>>>

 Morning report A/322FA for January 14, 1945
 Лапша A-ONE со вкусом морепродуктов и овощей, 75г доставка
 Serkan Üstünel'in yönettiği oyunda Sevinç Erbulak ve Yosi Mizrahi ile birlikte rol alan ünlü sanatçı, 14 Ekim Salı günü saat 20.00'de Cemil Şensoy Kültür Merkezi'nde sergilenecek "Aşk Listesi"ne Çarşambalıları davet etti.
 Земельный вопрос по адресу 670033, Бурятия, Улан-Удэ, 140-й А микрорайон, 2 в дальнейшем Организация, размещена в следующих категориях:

<<<
>>>

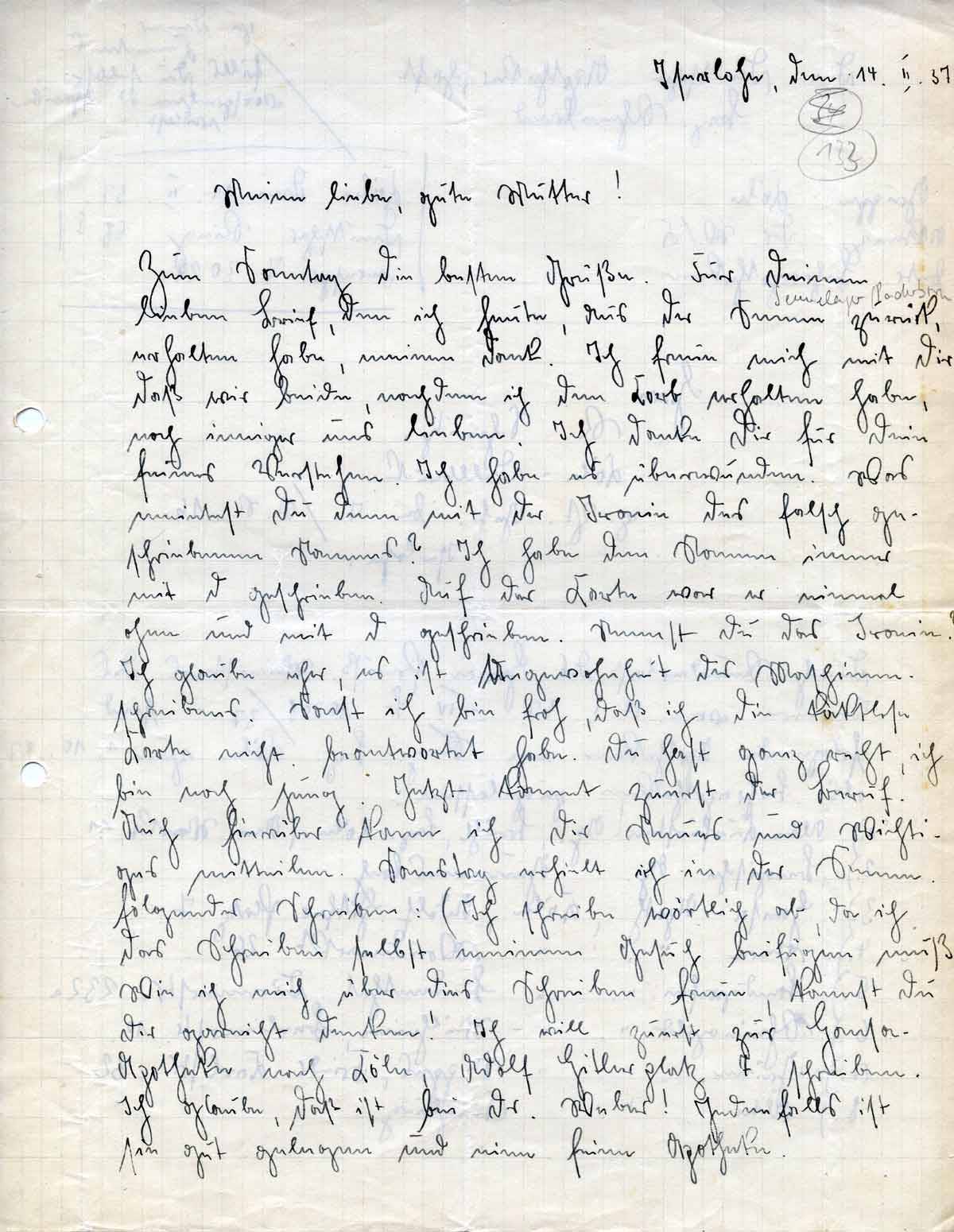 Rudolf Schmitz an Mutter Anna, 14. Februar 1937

<<<

[How to complete this task]
Reproduce the entries above exactly, but only the lines between the line holding "Лапша A-ONE со" and the line holding "Земельный вопрос по", inclusive.

[The answer]
 Лапша A-ONE со вкусом морепродуктов и овощей, 75г доставка
 Serkan Üstünel'in yönettiği oyunda Sevinç Erbulak ve Yosi Mizrahi ile birlikte rol alan ünlü sanatçı, 14 Ekim Salı günü saat 20.00'de Cemil Şensoy Kültür Merkezi'nde sergilenecek "Aşk Listesi"ne Çarşambalıları davet etti.
 Земельный вопрос по адресу 670033, Бурятия, Улан-Удэ, 140-й А микрорайон, 2 в дальнейшем Организация, размещена в следующих категориях:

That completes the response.